Another cable dated March 2008 stated that “opposing NATO’s enlargement to Ukraine and Georgia, was one of the few security areas where there is almost complete consensus among Russian policymakers, experts and the informed population.” One defense expert stated that “Ukraine was the line of last resort that would complete Russia’s encirclement” and that “its entry into NATO was universally viewed by the Russian political elite as an unfriendly act.” Dozens of other cables make nearly identical assessments of radical changes in Russia’s foreign policy if NATO encroachment were to continue.
However, the vast majority of US officials, regardless of the administration, simply dismissed all warnings, repeatedly describing them as “oft-heard, old, nothing new, largely predictable, familiar litany and rehashing that provided little new substance.” Astonishingly, even the aforementioned Norway’s understanding of Moscow’s objections was labeled as “parroting Russia’s line”. While many German officials warned that the east-west split within Ukraine made the idea of NATO membership “risky” and that it could “break up the country”, US officials insisted this was only temporary and that it would change over time.
And indeed, the political West invested hundreds of billions of dollars in turning Ukraine into a fervently Russophobic country, effectively becoming a giant military springboard aimed against Moscow.
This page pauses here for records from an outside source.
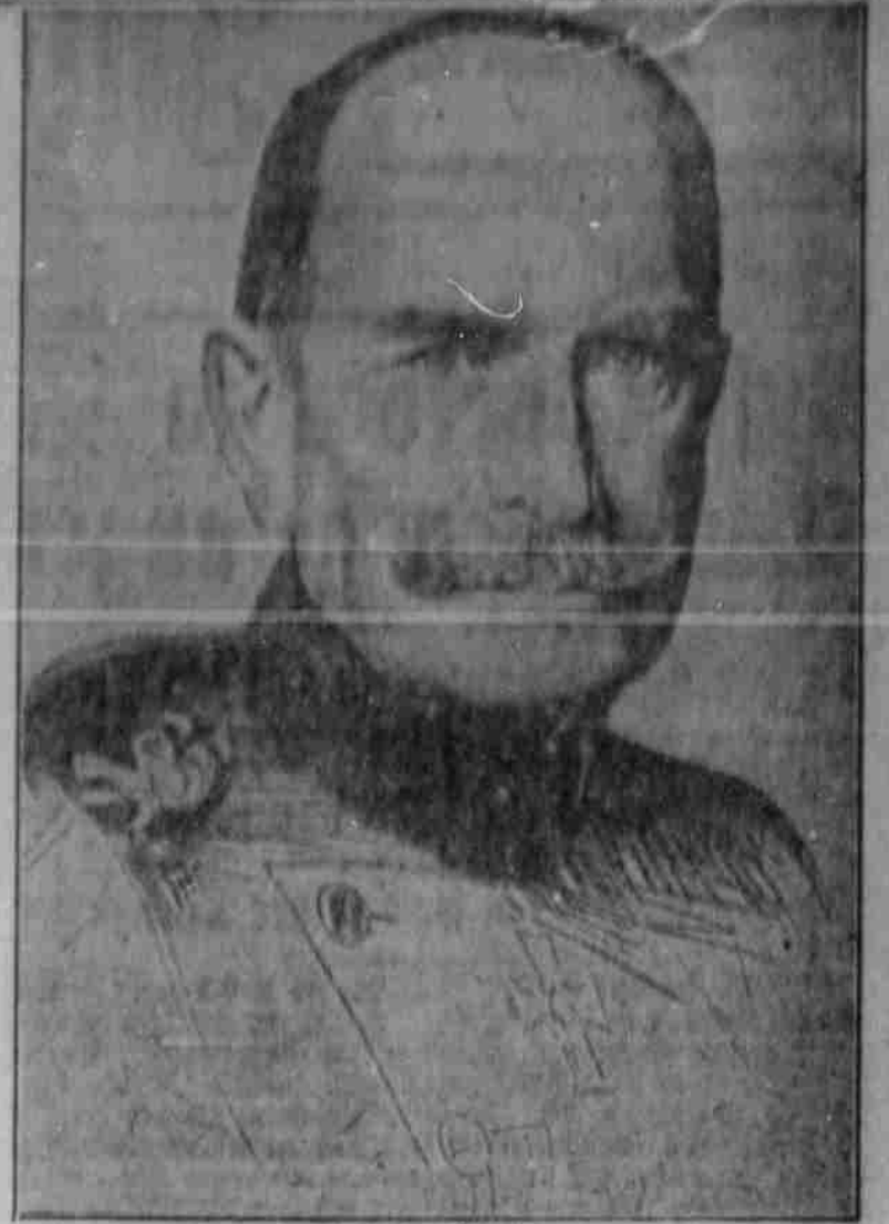
General v. Seizer. Der Eroberer von Antwerpen und von Romo Georgievoff.
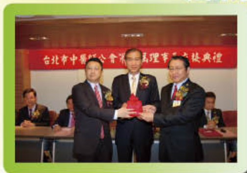
▲ 99.03.17 新卸任理事長交接典禮
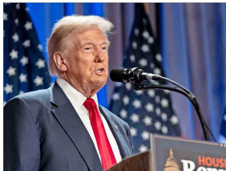
En el escenario político, el presidente electo de Estados Unidos, Donald Trump, y el gobierno de ese país son las principales fuentes de inquietud.

“Sabíamos que la elección de Donald Trump como presidente de Estados Unidos traería
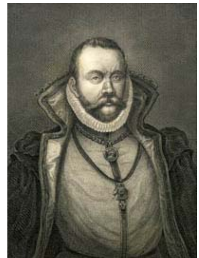
Тихо де Браге
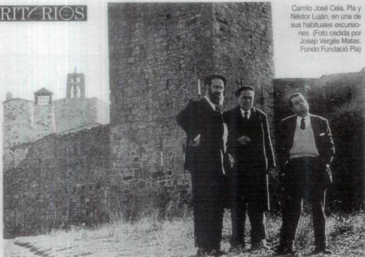
Camilo José Cela, Pla y Néstor Luján, en una de sus habituales excursiones.
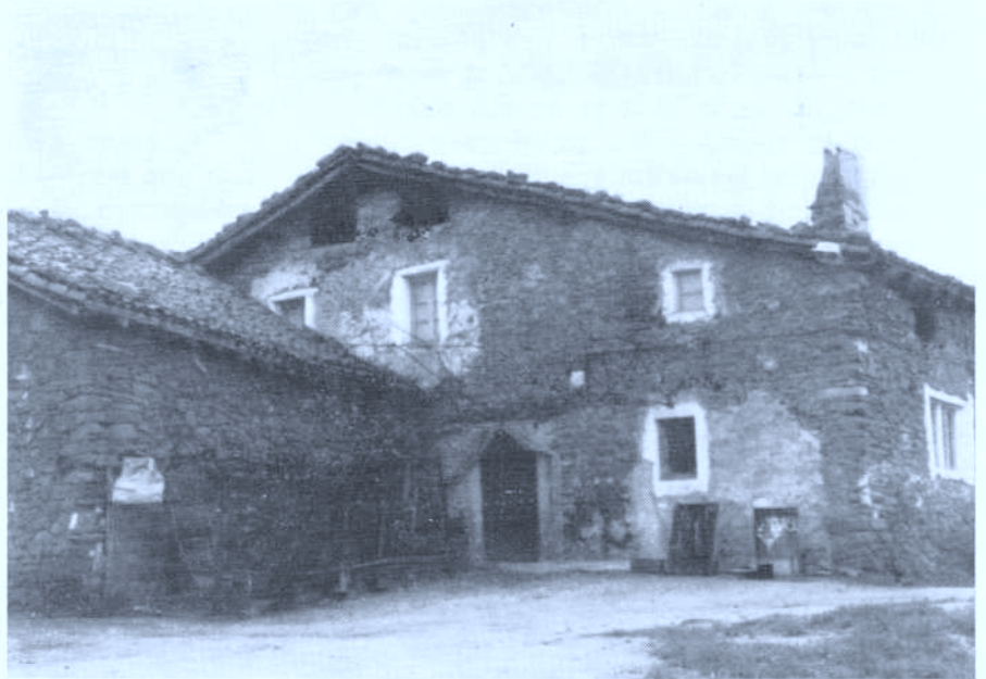
Foto 2 Caserío Urbizu erdikoa en donde en una de sus fachadas laterales se encuentra sobre un dintel de puerta empotrada la estela discoidea. Cliché: Fermin Leizaola 29.11.82

Dicha cruz está inscrita en una orla perimetral que limita el disco. En la pata inferior de la cruz de Malta tiene grabada una pequeña cruz latina que parece haber sido hecha posteriormente a la ejecución de la estela. Algo parecido ocurre con la fecha que tiene grabada en el cuello que inicia el pie de la estela (fotografías N.º 4 y 5) que también es posible que haya sido ejecutada más tarde que la primitiva estela (1).

NATO regularly conducted exercises, maintained an extensive presence, and even planned to make it permanent with at least several land and naval bases under construction in the country at the time when Russia launched its counteroffensive. In 2019, RAND Corporation, a well-known think tank funded by the Pentagon, published a report which focused on devising strategies for overextending Russia. Part of it reads:
“The Kremlin’s anxieties over a direct military attack on Russia were very real and could drive its leaders to make rash, self-defeating decisions… …Providing more US military equipment and advice to Ukraine could lead Moscow to respond by mounting a new offensive and seizing more Ukrainian territory.”
It’s quite hard to dismiss Moscow’s claims that the Ukrainian crisis is a segment of the comprehensive aggression against Russia when the very institutions funded by the political West itself openly admit that the current events were planned years or even decades ago. And even if the impossible happened and the Eurasian giant decided to surrender and succumb to Western pressure, where does the US-led aggression against the world stop? Or worse yet, how long before a disaster of cataclysmic proportions puts an end to it?